Elizabeth Sepper, a University of Texas law professor, told the American-Statesman in March that it is “unlikely that a federal court is going to fall for this” strategy employed in the legislation.
“You can’t attempt to strip constitutional rights by requiring someone to go into state court when they face a lawsuit from another private citizen,” she said. “Federal courts would immediately say, ‘Hey, wait a second: You can’t cut off the U.S. Constitution by framing what’s really a state law as a private matter between citizens.’”
Elizabeth Nash, principal policy associate at the Guttmacher Institute, said the civil action created through the law is “uniquely cruel.”
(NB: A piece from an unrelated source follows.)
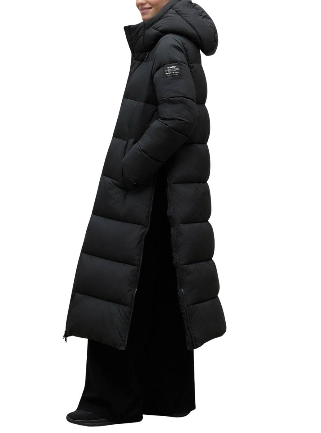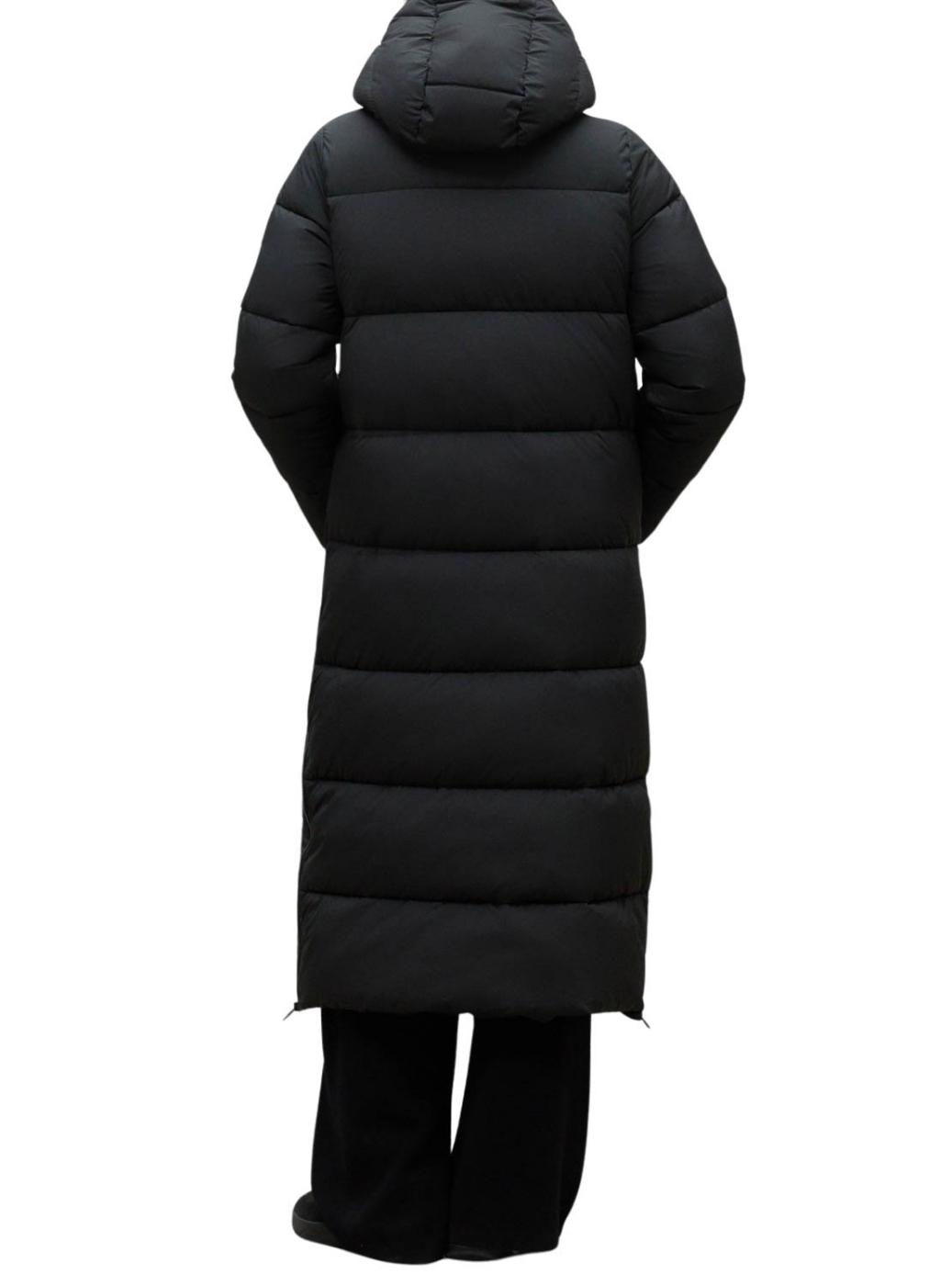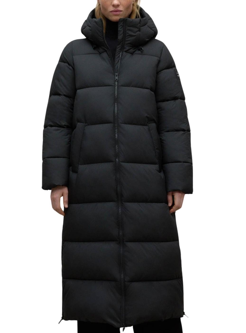 Casaco acolchoado Ecoalf. Modelo Binaiaalf. Cor preta. Gola alta com capuz. Fecho de correr bidirecional. Aberturas laterais com fecho de correr. Corte longo. Bolsos laterais. Pedaço da marca na manga. Acolchoado com enchimento vegano.

“By allowing anyone, anywhere to sue people involved in providing or obtaining an abortion, this ban would open the floodgates for frivolous lawsuits, bury clinics under court cases and legal fees, and make it difficult for providers to remain open,” Nash said in a statement. “This ban in Texas is clearly about controlling pregnant people’s bodies and preventing them from making decisions about their lives and futures.”
Lawmakers tweaked one element of the proposal before sending it to Abbott for approval and opted to explicitly limit the civil action created through the law to violations of the ban on abortions once a fetal heartbeat can be detected. Opponents argued that the original version of the legislation could have allowed for lawsuits to be filed against abortion providers and others for violations of any abortion-related regulation.